Ma douleur n'est que celle de celle qui n'a pas su en parler, qui n'a pas su s'opposer, qui n'a pas su appeler au secours quand il le fallait. Ma douleur est de ma responsabilité.

Aujourd'hui, il n'existe plus de délai entre le moment de la demande et la date de l'IVG. Les arguments avancés pour ôter ce délai me semblent pertinents: imposer un délai serait reconnaître que c'est un acte important, imposer un délai serait indiqué qu'une autre décision est possible, imposer un délai c'est sacraliser un acte purement médicalisé.
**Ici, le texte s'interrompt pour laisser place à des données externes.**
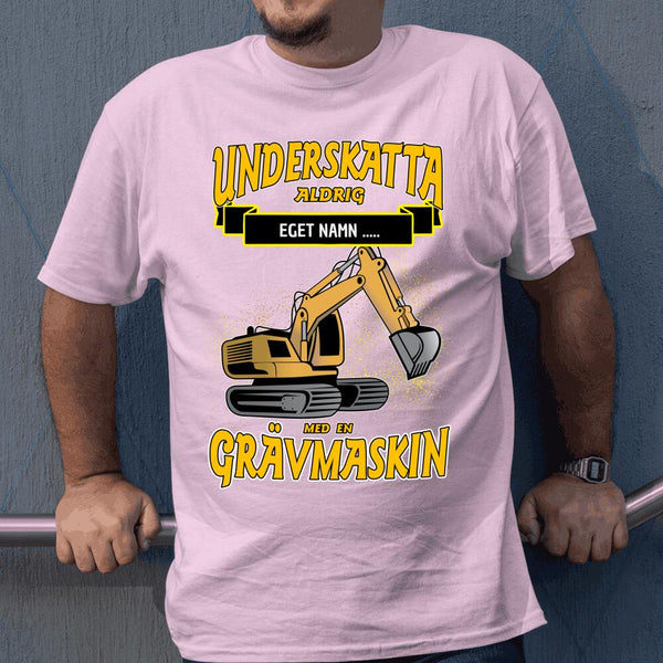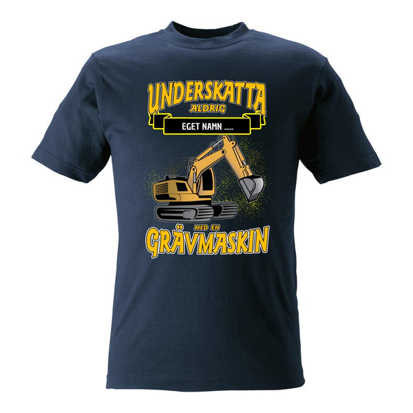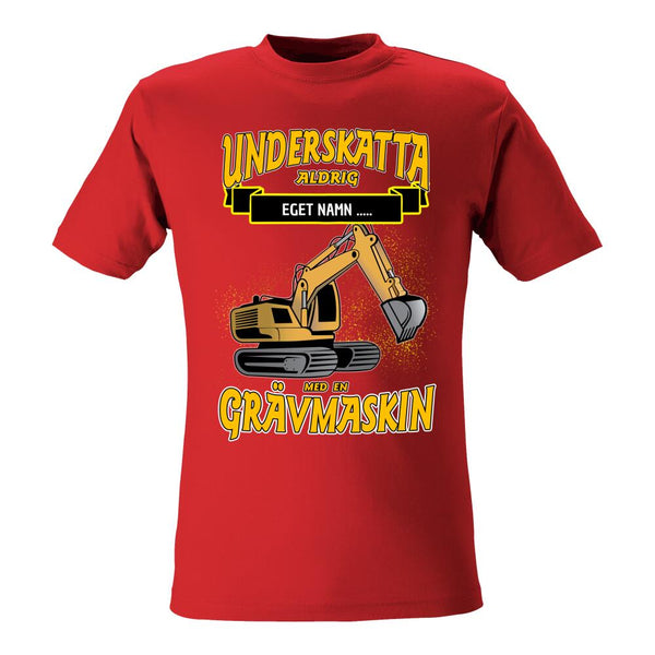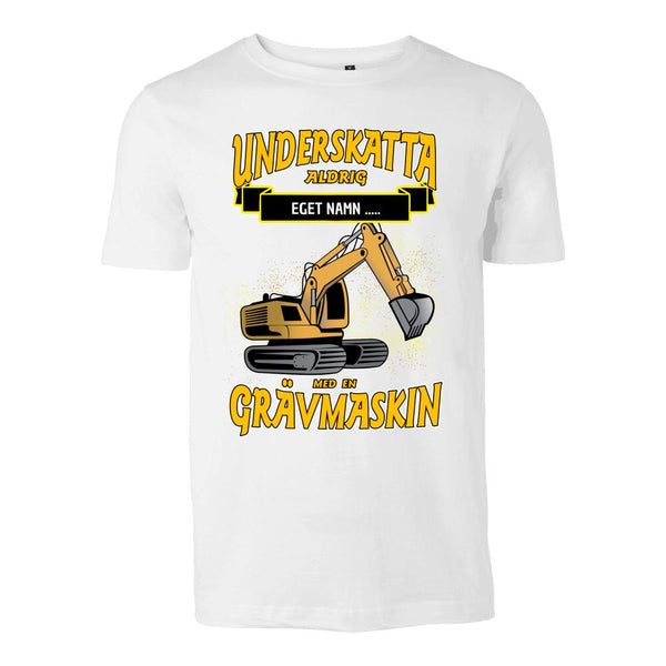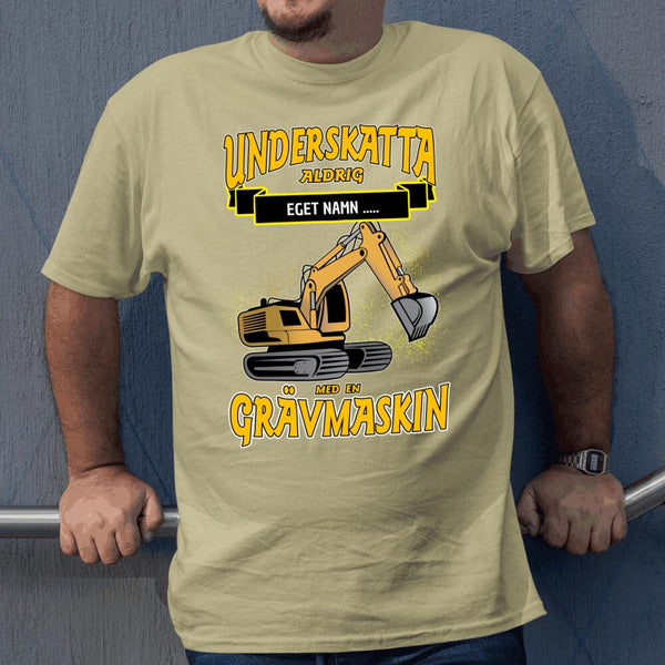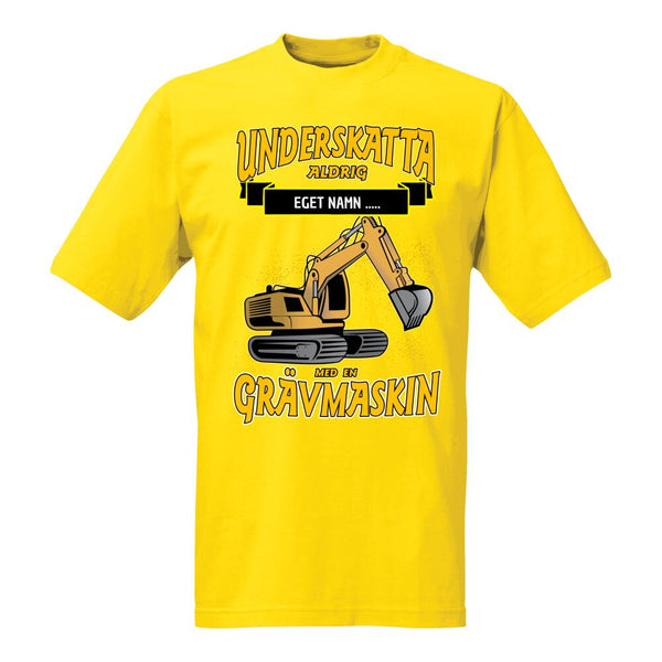 T-shirt med grävmaskin motiv som du gör högst personlig med eget val av namntryck. FInns dessutom i en mängd färger och om du har svårt att välja, varför inte köpa mer än en.....Perfekt gåva till den som kör grävmaskin, antingen på jobbet eller privat!

Et en ce qui me concerne, ça n'aurait rien changé puisque mes écrits n'ont pas été considérés. Peut-être si j'avais eu la possibilité de rencontrer un psychologue spécialisé, j'aurais su dire mon refus mais rien ne permet de l'assurer.

Quelques semaines après cette journée insupportable, j'ai pu rencontrer un psychologue. Ce n'est pas moi qui l'avais demandé mais la jeune interne qui, lors de la visite de contrôle, a considéré que c'était nécessaire. C'est elle qui a fait les démarches. Elle qui a tout organisé. Moi qui ai payé parce que la consultation d'un psychologue n'est pas remboursée. Je pourrais m'en offusquer et je le suis, offusquée tant cela est symptomatique d'une santé mentale que l'on néglige, qu'on piétine. Mais, en ce qui concerne l'avortement, songer à la nécessité d'un psychologue serait, une fois de plus, considérer l'acte comme non anodin, serait considérer qu'il y ait matière à problème. Or, je me souviens très bien le post de cette jeune femme qui affirmait qu'elle avait avorté et que c'était un non événement. Sous contraceptif DIU, elle était tombée enceinte et elle devait mettre un terme à cet état, basta. Pourquoi aurait-elle dû être invitée à se confier? Lui proposer la rencontre d'un psychologue ne serait-il pas supposer qu'un problème est possible et donc aller à l'encontre de cette idée que c'est simplement des cellules qu'on empêche de poursuivre leurs divisions? Je n'ai pas de réponse. En ce qui me concerne, une seule rencontre, inutile, puisque j'avais mis ma carapace et que j'ai laissé croire que tout allait bien, que je me faisais à l'idée. 50 euros pour mentir. 50 euros pour ne pas aider la douleur à s'apaiser.

 

2023, j'ai mal, je suis dans une colère noire dès que ce geste se rappelle à moi. 2023, ma gorge me brûle. Mon esprit ne parvient pas à me pardonner. 2023, je hurle à en crever et il n'est pas à mes côtés, il est près de ce bébé que sa fille a enfanté le jour même où j'aurais dû acoucher. 2023, la semaine qu'il va passer là-bas me renvoie comme à chaque fois à la colère de lui avoir obéi.

Ma douleur n'est pas celle de la culpabilité, de la responsabilité, ma douleur est de n'avoir pas su, ce jour-là exister.